ホン・サンスの新作『彼女が帰ってきた日』、第76回ベルリン映画祭パノラマ部門で公開

ソン・ソンミ主演の白黒映画... ホン監督「商業的動機は退屈だ」との信念を表明

〈彼女が帰ってきた日〉 [ⓒJeonwonsa Film co]
〈彼女が帰ってきた日〉 [ⓒJeonwonsa Film co]

ホン・サンス(66)監督の34作目の長編映画『彼女が帰ってきた日』が18日夕方(現地時間)第76回ベルリン国際映画祭パノラマ部門で初公開された。長い空白を破り、独立映画で復帰した女優ペ・ジョンス(ソン・ソンミ役)の一日を描いた白黒映画である。

10年以上演技を休んで独立映画で復帰した女優ペ・ジョンスは、あるレストランで記者3人と連続してインタビューを行う。記者たちは彼女の離婚や飼っている犬、ダイエットの秘訣などプライベートに関心を寄せる。離婚についての質問には最初は不快な表情を見せるが、別の記者が再度尋ねると少しずつ本音を明かす。しかしインタビューを終えた後、再度連絡して離婚の話は記事から外してほしいと頼む場面が登場する。

記者たちはかつて国民に愛された女優に会えたことを光栄に思いながらも、実際には映画については特に質問をしない。映画がとても良かったが、いろいろな考えが浮かんだものの整理できず、何を言っているのかわからないという曖昧な感想だけを述べる。

〈彼女が帰ってきた日〉 [ⓒJeonwonsa Film co]
〈彼女が帰ってきた日〉 [ⓒJeonwonsa Film co]

ペ・ジョンスは酒が飲みたくなったのか、記者たちにドイツ式生ビールを勧め、娘を産んでいなければアルコール中毒で死んでいたかもしれないと心の内を打ち明ける。ある意図と解釈がどれほど無意味かを語るペ・ジョンスに、記者は修行をしている人のようだと言う。ペ・ジョンスは娘と犬のためなら何でもできるとし、「自分自身を一番愛しなさい」という言葉を繰り返してお願いする。
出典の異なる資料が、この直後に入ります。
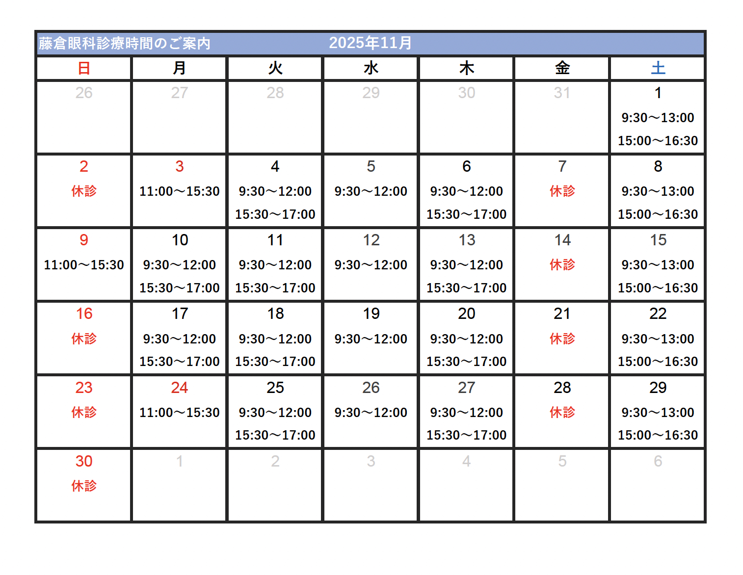 → 2025年11月 眼科ご案内時間はこちら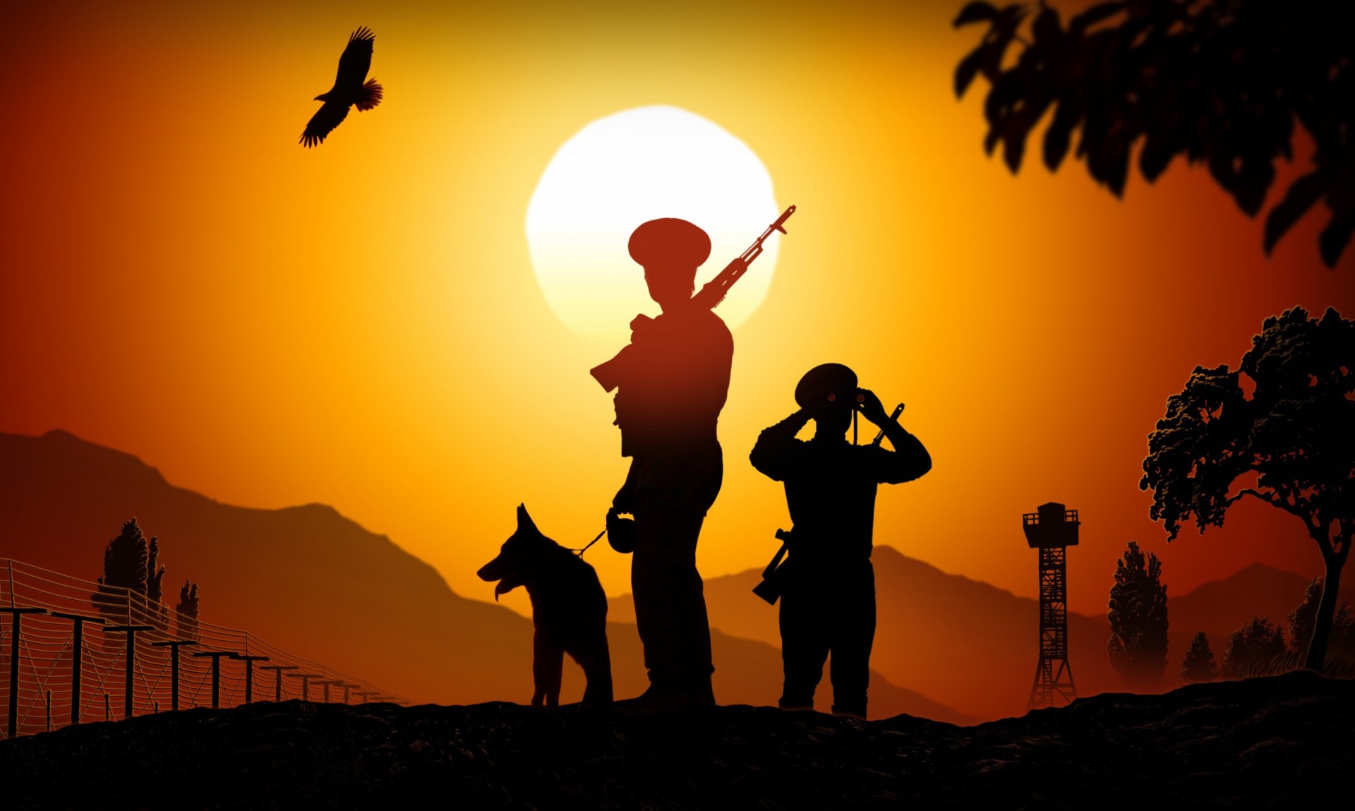 Guardias fronterizos con un perro al atardecer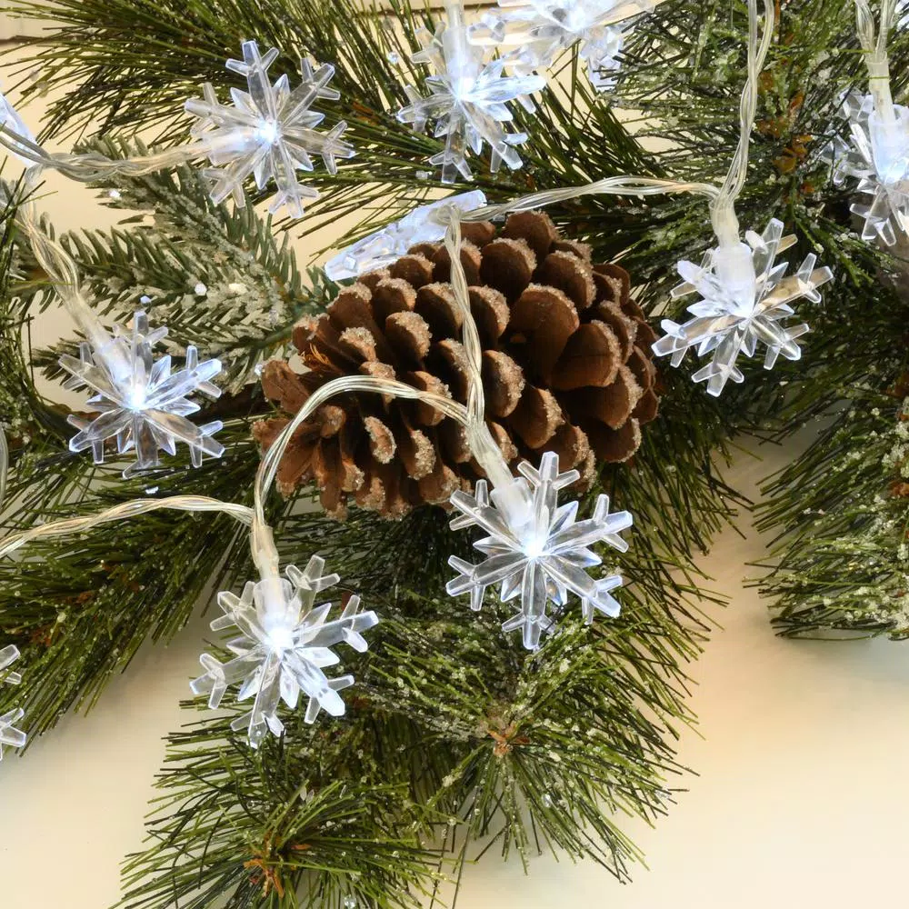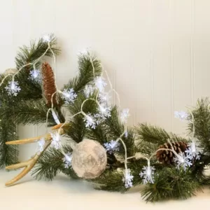 This set of 2 mini battery operated string lights each have 40 cool white LED lights with a 1.25 in. x 1.25 in. translucent molded snowflake on a ultra-thin bendable wire. They add a festive touch to your holiday decor. Bring a chic illumination to a mantle, table settling, wreath, centerpiece or any water feature.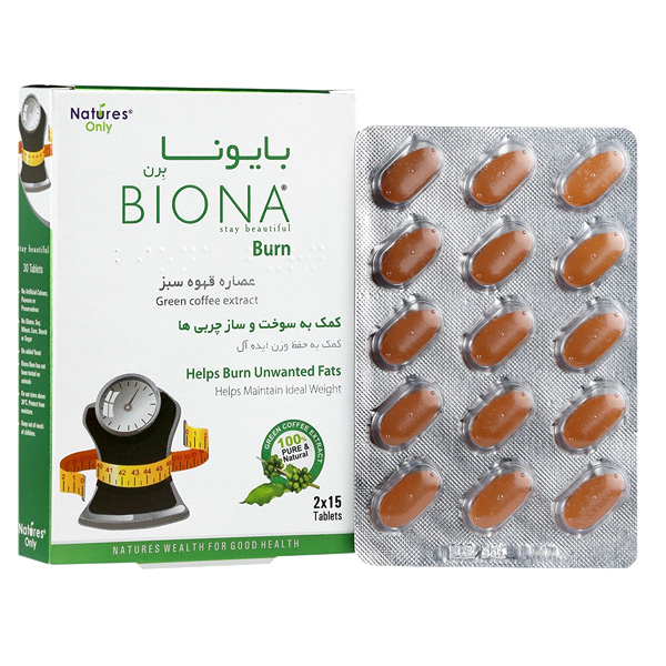 قرص بایونا برن نیچرز اونلی یک فرآورده کاملا طبیعی حاوی دوز مناسبی از 400 میلی گرم پودر عصاره دانه قهوه سبز استاندارد شده است که مصرف آن میتواند در کاهش وزن، تنظیم فشار خون، حفظ سلامت قلب و عروق و تقویت سیستم ایمنی موثر باشد. بایونا برن از دانههای قهوه سبز خام و بدون بو تهیه شده است که حاوی مقدار بالایی از کلروژنیک اسید و پلی فنلها است. این محصول تحت لیسانس بایوپلاس هند و در بستههای 30 عددی عرضه شده است.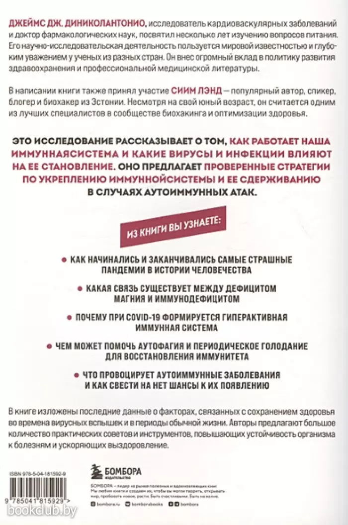 Для крепкого здоровья нет ничего важнее, чем иммунная система. Это защитный барьер, который оберегает от внешних угроз и всевозможных болезнетворных микроорганизмов, окружающих нас каждый день. Когда иммунная система ослаблена, снижается уровень энергии, ухудшается качество жизни и пополняется бесконечный список заболеваний, а разве такое может вдохновлять? Эта книга рассказывает, какие практики поддержки иммунитета действительно работают, а какие — лишь ловкий маркетинговый ход.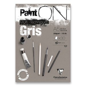 Blok Clairefontaine Paint'ON Grey má šedý jemně hrubý papír ze 100% celulózy.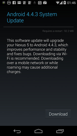 Descargar OTA Android 4.4.3 Nexus 5 (92MB)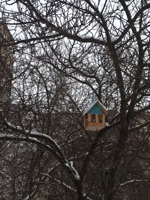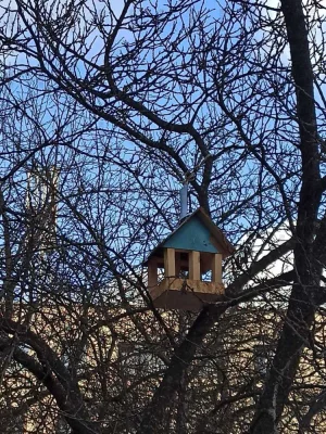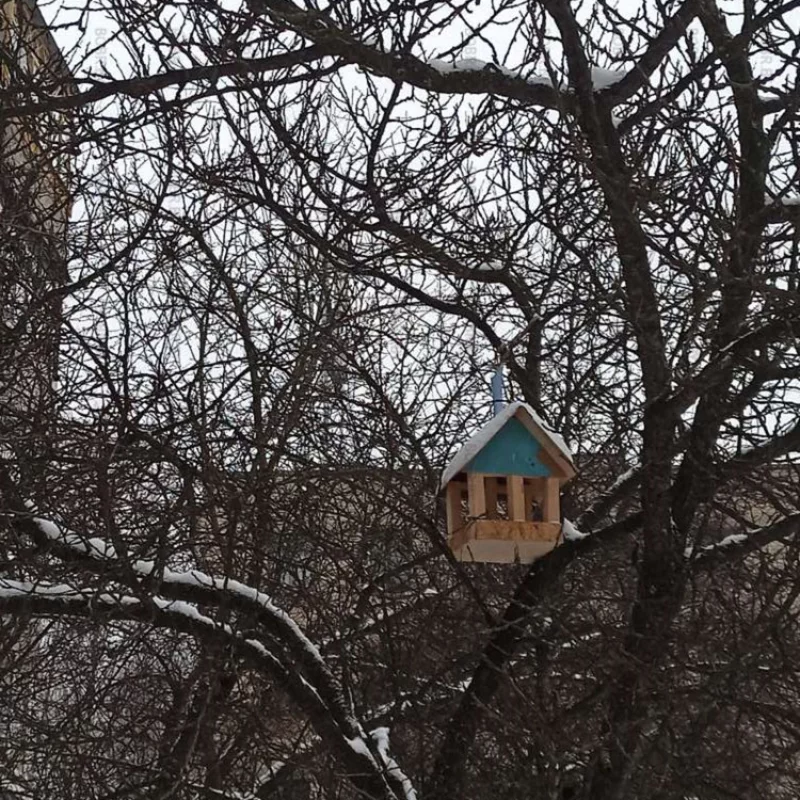 Крутая кормушка. Но как туда кладут ком для птиц? Очень высоко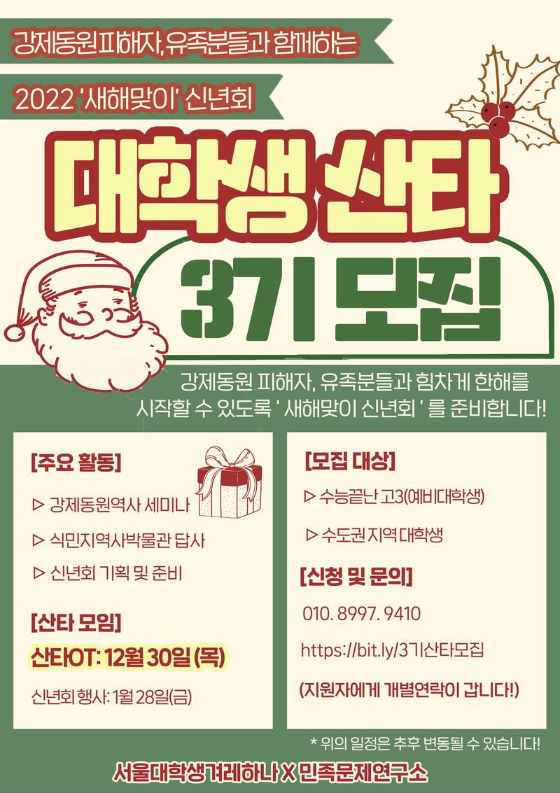 "강제동원피해자, 유족분들과 함께하는” 🟠🟠고3 & 대학생 산타 3기 모집🟠🟠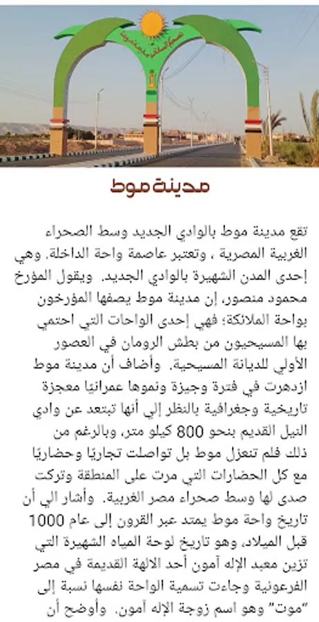 An application that contains all the data you want to know on all governmental and private interests located in the city of Mut, the capital of the Dakhla Center in the New Valley Governorate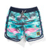Tropical beach printed board shorts. Features an elasticized waist, signature black and white drawstring and small logo patch at bottom of left leg. Made from 100% recycled polyester microfiber.
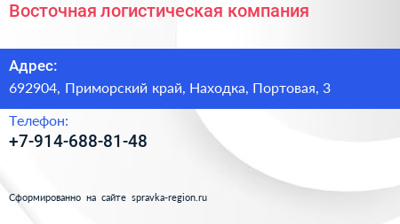 Восточная логистическая компания по адресу 692904, Приморский край, Находка, Портовая, 3 в дальнейшем Организация, размещена в следующих категориях: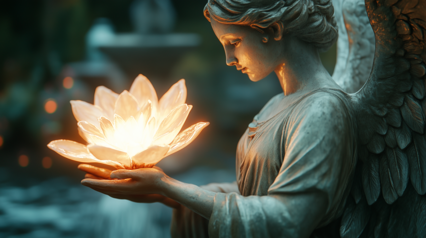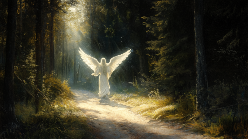 Futuristic Cyber Angel with Glowing Wings in Neon City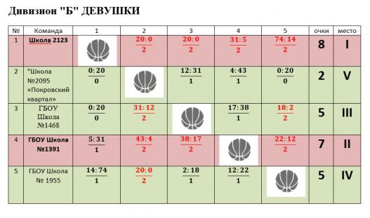 Девушки из ДИВИЗИОНА «Б» разыграли призовые места в дивизиональном этапе. В следующем этапе примут участие Школа №2123 и Школа №1391, которая с первого года своего участия в Чемпионате показывает рост своего мастерста. Третье место заняла комада многократно участвующая в играх на вылет в прошедших сезонах Школы № 1955.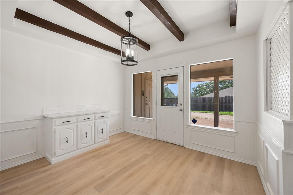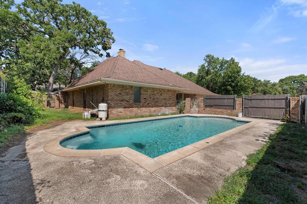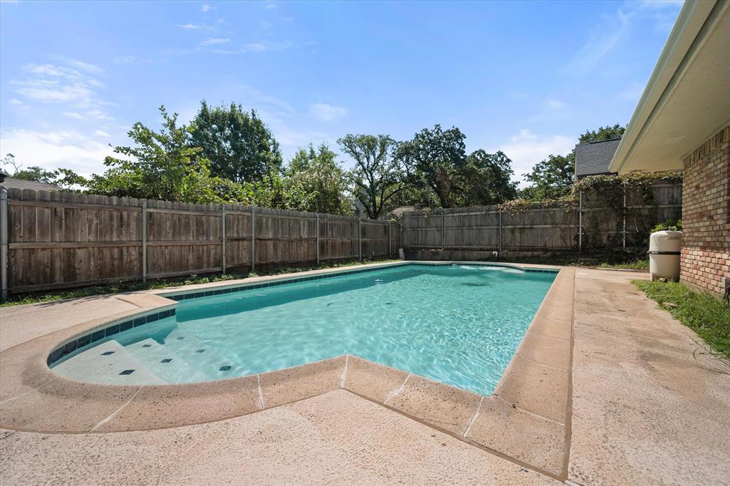 Welcome Home! This beautiful one-of-a-kind home with a pool is situated on an oversized corner lot in the well-established and maintained Cooke's Meadow neighborhood. The home is situated in a cul-de-sac with impressive curb appeal. Pride of ownership shows throughout the neighborhood. It has a ton of natural light that shines through the large windows. Fall in love with the cathedral-height ceilings featuring wood beams in the living area and the kitchen nook. A stunning fireplace is the focal point of the living room with backyard views of a covered porch and pool. There is a large flex space that can be used as a 4th bedroom. game room, homeschool room, or even a library with built-in bookshelves. This home is perfect for entertaining with recently painted cabinets, new appliances, and tile flooring. The primary suite is tucked away for maximum privacy. You'll appreciate the spa-like primary ensuite and walk-in closet. It provides the perfect getaway! New flooring throughout and updated secondary bathrooms as well. Come see what this home has to offer.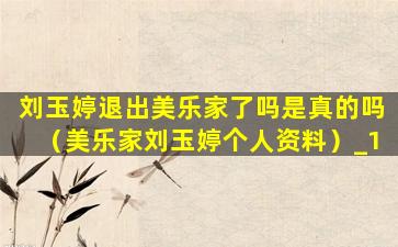 1、刘玉婷退出美乐家了吗是真的吗

久しぶりに復帰したペ・ジョンスは演技の授業も受けている。授業でも昼間に行ったインタビューを繰り返すが、記憶があまりよくなく、台本を何度も確認しなければならない。授業が終わり、講師のキム・ヨン(チョ・ユンヒ)がビールを一杯飲もうと提案するが、断る。娘が待っている家に早く帰りたいからである。

18日ベルリン映画祭で観客と対話するホン・サンス(左)、ソン・ソンミ [聯合ニュース]
18日ベルリン映画祭で観客と対話するホン・サンス(左)、ソン・ソンミ [聯合ニュース]

上映が終わった後、ホン・サンス監督は観客との対話で主に作法について語った。どのようなアイデアから始まったのかという質問に対し、「普通はアイデアではなく、俳優から始まる。キャラクターとイメージが内在しており、残りの時間はただ実行するだけだ。実行は発見ではない」と答えた。

また、「私はこのメッセージを伝えたい、このメッセージが重要だ、非常に面白い映画を撮りたい、数百万ドルを稼ぎたい、(こういうのは)とても退屈だ」と述べ、商業的動機を排除した作業哲学を明らかにした。白黒にした理由を尋ねられると、「ただ白黒がこの映画により良いと思った」と簡潔に答えた。

ホン・サンスはベルリン映画祭が長い間大切にしてきた監督である。映画祭は1997年のデビュー作『豚が井戸に落ちた日』を皮切りに、今年までに13本を招待し、5回の賞を授与した。その中で2022年の『小説家の映画』と2024年の『旅行者の必要』で審査員大賞を2度受賞した。今回の新作が上映されたパノラマ部門は、作家主義または実験的作品として世界映画界の傾向を測る非競争部門である。